Use an electronic caller as well. That is more affective than decoys.


----------



## goosegrinder (Mar 4, 2005)

> Use an electronic caller as well. That is more affective than decoys


 How many geese have you shot with just an e-caller and no decoys out?? And how many times have you hunted snow geese that way??
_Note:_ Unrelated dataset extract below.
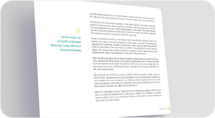 ers performing transactions, out of which Mexico registered 2 million active users in 2017. Mexico is the most important market for PayPal in Latin America (PayPal, 2018). According to the information available in the reporFit nTech: Innovation You did not Know was from Latin America and the Caribbean (IDB and Finnovista, 2017), the FinTech movement is a very recent phenomenon in the region. The report shows that 60% of the participating startups were created three years ago or less, and only 18% stated having been created more than ive years ago. The FinTech adoption rate When television was created, it was thought that it was the end of movies; when the is barely 33%, which indicates Internet was born, it was said newspapers would come to an end. The predictions regarding any signiicant change or revolution, in any industry, have always been that this type of company still has much fatalistic speculation. There are often a lot of false ideas about how technology will to do to cement themselves. impact the current state of affairs, however, in practice, these supposed paradigm changes never substitute completely to the state of the previous art. This was also experienced by the inancial industry following the arrival of FinTechs. Why? Because the old paradigm is still useful and generates value. The new and old inancial models exist alongside one another: while some consumers adopt the new inancial services, there will always be other consumers continuing to ind value in the traditional proposal. The adoption rate of FinTech is barely 33% (EY, 2017) worldwide, which indicates that FinTech companies have a long road ahead to position themselves among the most conservative users. However, it is dificult to know how long these users will continue looking at both sides: the old model which they are familiar with and new inancial services that may offer a better alternative. While it is impossible to predict what the future of the inancial industry will be in the next ten years, the banking sector is learning to cohabit with FinTechs in a market dynamic different from the usual, where the forces of competition and collaboration only came from other banks. A TWO-WAY PATH14

With decent quality decoys, I'd say 250-300 can easily kill snow geese consistantly.

Alex


----------



## ValleyCityHunter2008 (Jan 13, 2008)

goosegrinder said:


> > Use an electronic caller as well. That is more affective than decoys
> 
> 
> How many geese have you shot with just an e-caller and no decoys out?? And how many times have you hunted snow geese that way??


None


----------



## printer (Dec 13, 2009)

start with about 150 silos. seems you can get away with using fewer in the fall. I would also say use a e caller if possible.
If you dont use an e caller you can use your dark goose decoys but keep them seperate. I put my snow decoys behind me twenty or thirty yards. doesnt always work perfectly but we seem to always mix a few in when the birds are in the area. good luck.


----------



## Andy Weber (Nov 18, 2009)

There is alot of talk on here about this exact subject. 
It depends alot on what kind of decoys, Full bodies, shells, rags, silo, etc. And where you are. I use a few hundred Full bodies and a few hundred TNTs and I do not think it makes a difference when we mix two spreads together to make it bigger, so in MY OPINION there is a point where you can stop. But If you are on a budget, there are always rags on here for sale from people upgrading or selling out, heck I think I still have my texas rags from when I started, they got me hooked!


----------



## teamshakeandbake (Oct 14, 2008)

In the spring i have sat in the ditch right towards dark and turned the ecaller on or right early in the morning without any decoys and had flocks of snows lock up and come into shooting distance....


----------



## nodakoutdoors.com (Feb 27, 2002)

This fall it doesn't matter - 10 dozen may be enough for the amount of juvies. Do whatever you can to put a spread together and get out and experience this fall....not many snow goose hatches like this!


----------